→ **HOW TO COMPLETE THIS TASK**:
Set down each line of the data below exactly as it stands, dropping the pictures.

→ **Stored records**:
-- Opening Marker --

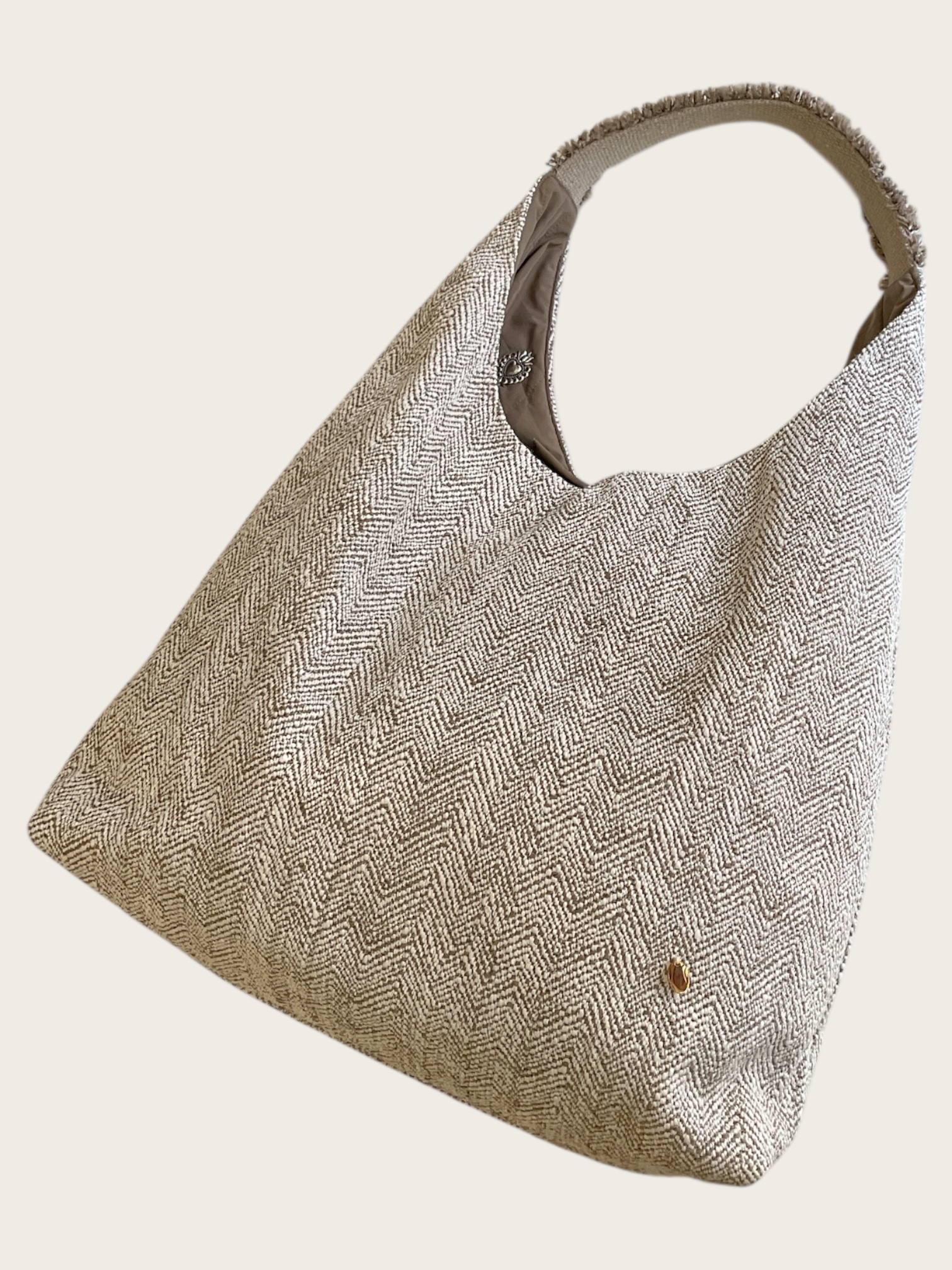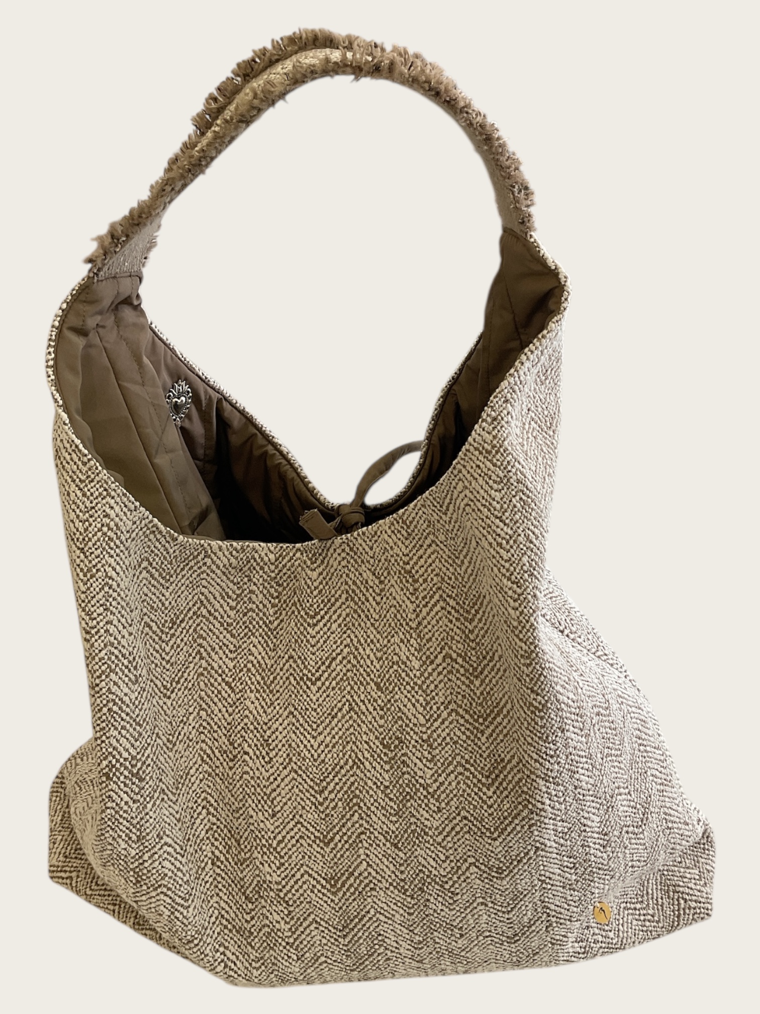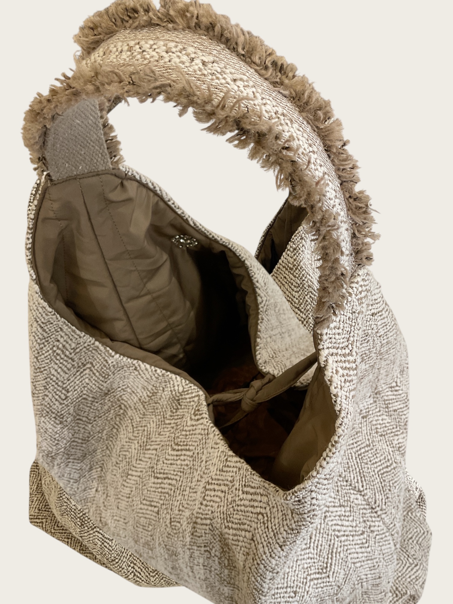 Morbida sacca a spalla foderata con leggero tessuto trapuntato color taupe
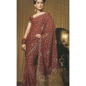 Click Here to see more reviews about: Reddish Maroon Embroidered Party wear contemporary georgette banarsi sari fabric / saree / wrap
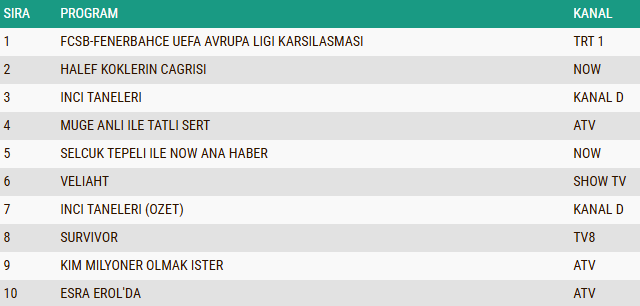 AB izleyici grubunda da 29 Ocak 2026 Perşembe akşamının en çok izlenen yapımı değişmedi ve UEFA Avrupa Ligi kapsamında oynanan FCSB – Fenerbahçe karşılaşması, futbolseverlerin yoğun ilgisiyle listenin zirvesine yerleşti. Gecenin ikinci sırasında, dramatik yapısı ve sürükleyici kurgusuyla dikkatleri üzerine çeken “Halef Köklerin Çağrısı” isimli dizi yer alarak güçlü bir izlenme performansı sergilerken, duygu yüklü sahneleriyle ön plana çıkan “İnci Taneleri” dizisi ise yeni sezon ilk bölümüyle AB grubunda üçüncü sırayı alarak günün en çok izlenen yapımları arasında kendine sağlam bir yer edindi.
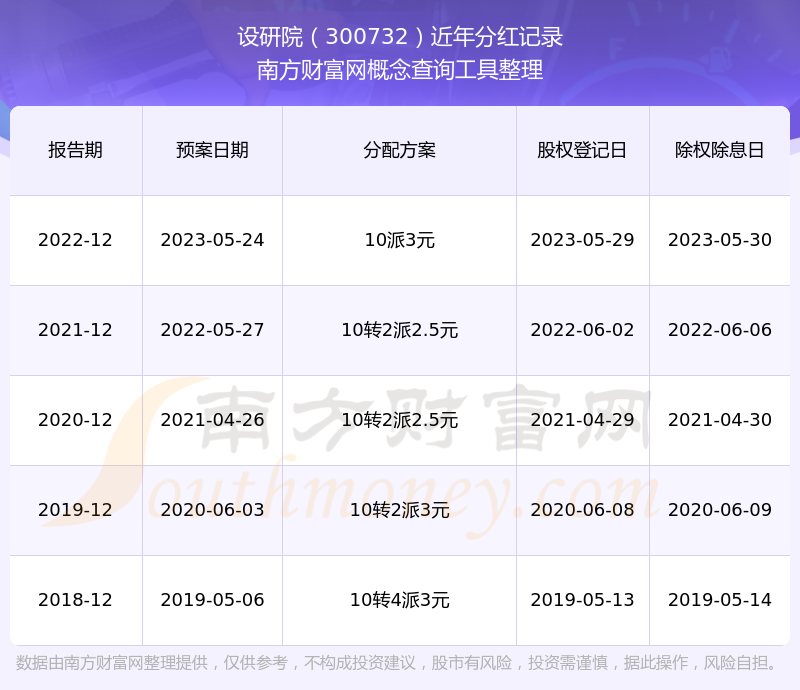 一、设研院(300732)股票分红记录
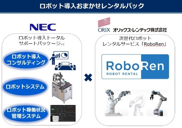 オリックス・レンテックと、日本電気(以下、NEC)およびNECプラットフォームズは、企業におけるロボット導入を支援するため、ロボットシステムインテグレータ事業で協業することについて合意したことを発表した。生産ラインでのロボットの利活用を促進することで、日本国内の人材不足の解消や生産性向上などの課題解決を目指す。
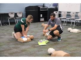The Blessed Trinity athletic training staff will be present for the camp and take great pride in the quality of instruction. Students will have an opportunity to learn and practice topics such as first aid, taping, splinting, bracing, and managing life-threatening injuries. All campers will also be given the opportunity to become CPR and AED certified through the American Red Cross. Students can also expect to hear from a variety of sports medicine professionals in the Atlanta area including doctors, PA's, PT's, nurses, and athletic trainers at all levels of sports.
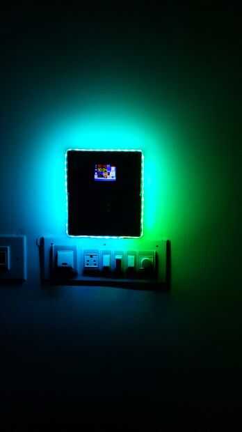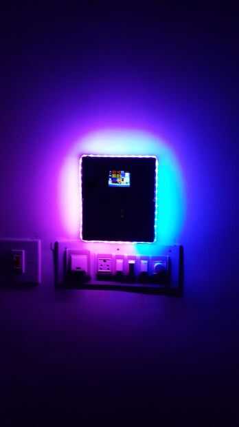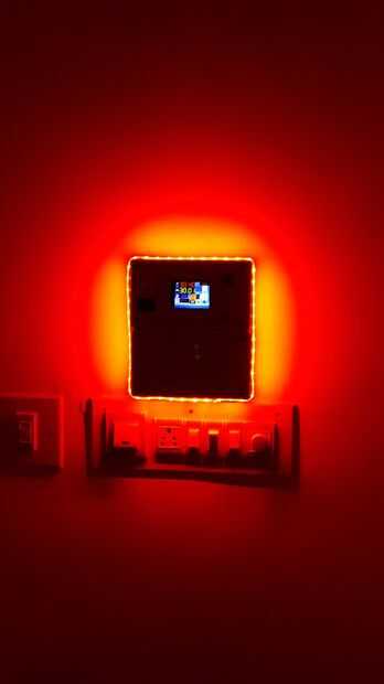 Hay una tira de LEDS WS282b alrededor del recinto. Estos pueden activarse para crear diferentes colores o patrones.
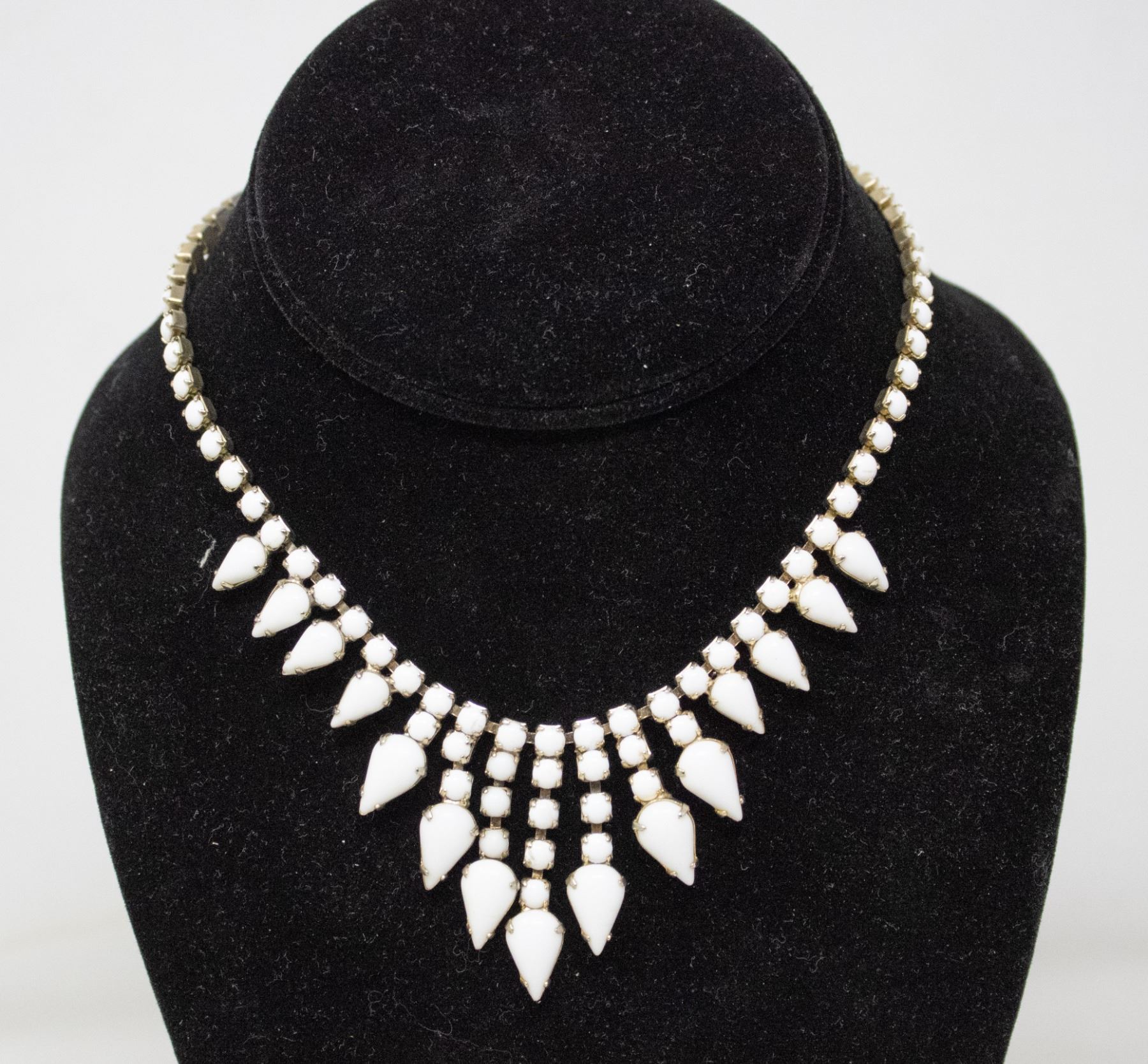 WHITE INSET COSTUME JEWELRY NECKLACE
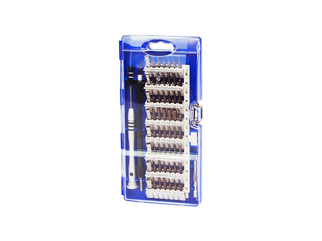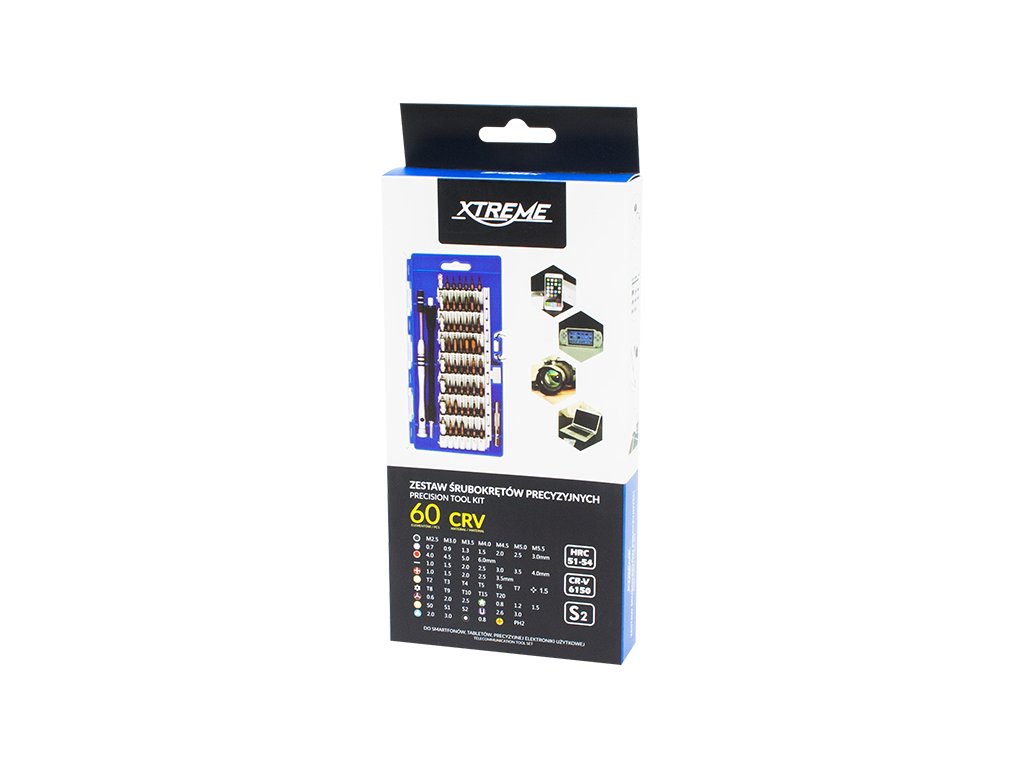Visokokakovosten, bogat komplet preciznih izvijačev, sestavljen iz kar 60 delov v praktični in priročni embalaži. V kompletu se nahaja med drugim ročaj z udobnim oprijemom ter 56 različnih vrst izvijačev s podaljškom. Nepogrešljiv komplet za različne vrste servisnih del.
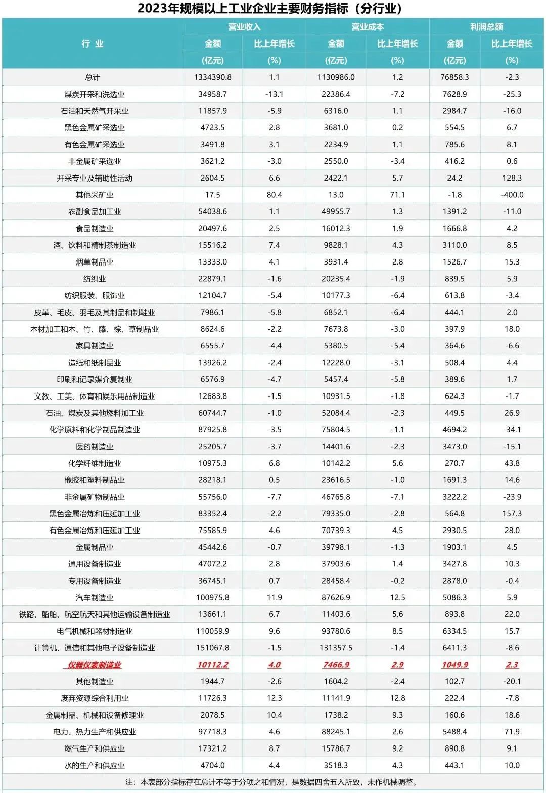 國家統計局:儀器儀表制造業的營業收入為10112.
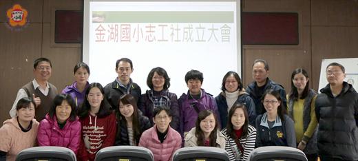 金湖國小志工社昨(23)日成立!推選出社長董雅雯、副社長李錫威及總幹事許秋萍。希望藉由志工規劃,讓學生在多元豐富的教育環境下成長。金湖國小代理校長陳為信表示,湖小志工社行動力極強,今天將立即上路,帶領志工們協助學校整理圖書,歡迎家長們踴躍加入。 金湖國小昨日上午舉行志工社成立大會,雖然外面大雨滂沱,但志工出席人數仍然相當踴躍,大會現場可見教師與志工們交流熱烈,並於會中順利推選出正副社長及總幹事。 金湖國小指出,志工社成立的目的是希望藉由志工自主的規劃與協助,讓學生們能在更多元豐富的教育環境下成長,同時藉由志工的專長與經驗,提供孩子更優質、知性的教育環境。 昨日會中,代理校長陳為信分享學校未來的規劃與展望,也感謝願意加入志工社的好夥伴們。陳為信表示,志工能促使學校各項事務順利運作,教師更能專注於準備教學工作,孩子們也能平安、活潑地展開多元學習活動。另外,各處室行政同仁也進行簡易的業務報告,同時提出人力支援需求,立刻獲得現場志工積極的回應。 大會同時也進行第一屆社團幹部的選舉,推選出社長董雅雯、副社長李錫威及總幹事許秋萍。目前社員30人有:王嘉琪、薛之雅、呂文凱、陳婉晴、黃瑜君、李曉君、莊淑萍、莊美蘭、李錫進、林美利、蔡喬如、李玉蘭、孫信忠、吳碧蘭、李美玉、李玟瑩、蔡憶玲、蕭永志、陳筱茵、許慧雅、莊惠祺、黃愛鳳、柯佳雯、林瓊鈺、蔡 艷、歐陽萍、蔡永芳、呂怡艷。社長董雅雯領航的志工團隊熱忱度十足,行動力極強,今天將立即上路,帶領志工們協助學校整理圖書,以方便學童們借閱,湖小志工社歡迎家長們踴躍加入,親師共同合作,協助孩子們快樂成長。

-- Closing Marker --

→ **ANSWER**:
 Morbida sacca a spalla foderata con leggero tessuto trapuntato color taupe
 Click Here to see more reviews about: Reddish Maroon Embroidered Party wear contemporary georgette banarsi sari fabric / saree / wrap
 AB izleyici grubunda da 29 Ocak 2026 Perşembe akşamının en çok izlenen yapımı değişmedi ve UEFA Avrupa Ligi kapsamında oynanan FCSB – Fenerbahçe karşılaşması, futbolseverlerin yoğun ilgisiyle listenin zirvesine yerleşti. Gecenin ikinci sırasında, dramatik yapısı ve sürükleyici kurgusuyla dikkatleri üzerine çeken “Halef Köklerin Çağrısı” isimli dizi yer alarak güçlü bir izlenme performansı sergilerken, duygu yüklü sahneleriyle ön plana çıkan “İnci Taneleri” dizisi ise yeni sezon ilk bölümüyle AB grubunda üçüncü sırayı alarak günün en çok izlenen yapımları arasında kendine sağlam bir yer edindi.
 一、设研院(300732)股票分红记录
 オリックス・レンテックと、日本電気(以下、NEC)およびNECプラットフォームズは、企業におけるロボット導入を支援するため、ロボットシステムインテグレータ事業で協業することについて合意したことを発表した。生産ラインでのロボットの利活用を促進することで、日本国内の人材不足の解消や生産性向上などの課題解決を目指す。
The Blessed Trinity athletic training staff will be present for the camp and take great pride in the quality of instruction. Students will have an opportunity to learn and practice topics such as first aid, taping, splinting, bracing, and managing life-threatening injuries. All campers will also be given the opportunity to become CPR and AED certified through the American Red Cross. Students can also expect to hear from a variety of sports medicine professionals in the Atlanta area including doctors, PA's, PT's, nurses, and athletic trainers at all levels of sports.
 Hay una tira de LEDS WS282b alrededor del recinto. Estos pueden activarse para crear diferentes colores o patrones.
 WHITE INSET COSTUME JEWELRY NECKLACE
Visokokakovosten, bogat komplet preciznih izvijačev, sestavljen iz kar 60 delov v praktični in priročni embalaži. V kompletu se nahaja med drugim ročaj z udobnim oprijemom ter 56 različnih vrst izvijačev s podaljškom. Nepogrešljiv komplet za različne vrste servisnih del.
 國家統計局:儀器儀表制造業的營業收入為10112.
 金湖國小志工社昨(23)日成立!推選出社長董雅雯、副社長李錫威及總幹事許秋萍。希望藉由志工規劃,讓學生在多元豐富的教育環境下成長。金湖國小代理校長陳為信表示,湖小志工社行動力極強,今天將立即上路,帶領志工們協助學校整理圖書,歡迎家長們踴躍加入。 金湖國小昨日上午舉行志工社成立大會,雖然外面大雨滂沱,但志工出席人數仍然相當踴躍,大會現場可見教師與志工們交流熱烈,並於會中順利推選出正副社長及總幹事。 金湖國小指出,志工社成立的目的是希望藉由志工自主的規劃與協助,讓學生們能在更多元豐富的教育環境下成長,同時藉由志工的專長與經驗,提供孩子更優質、知性的教育環境。 昨日會中,代理校長陳為信分享學校未來的規劃與展望,也感謝願意加入志工社的好夥伴們。陳為信表示,志工能促使學校各項事務順利運作,教師更能專注於準備教學工作,孩子們也能平安、活潑地展開多元學習活動。另外,各處室行政同仁也進行簡易的業務報告,同時提出人力支援需求,立刻獲得現場志工積極的回應。 大會同時也進行第一屆社團幹部的選舉,推選出社長董雅雯、副社長李錫威及總幹事許秋萍。目前社員30人有:王嘉琪、薛之雅、呂文凱、陳婉晴、黃瑜君、李曉君、莊淑萍、莊美蘭、李錫進、林美利、蔡喬如、李玉蘭、孫信忠、吳碧蘭、李美玉、李玟瑩、蔡憶玲、蕭永志、陳筱茵、許慧雅、莊惠祺、黃愛鳳、柯佳雯、林瓊鈺、蔡 艷、歐陽萍、蔡永芳、呂怡艷。社長董雅雯領航的志工團隊熱忱度十足,行動力極強,今天將立即上路,帶領志工們協助學校整理圖書,以方便學童們借閱,湖小志工社歡迎家長們踴躍加入,親師共同合作,協助孩子們快樂成長。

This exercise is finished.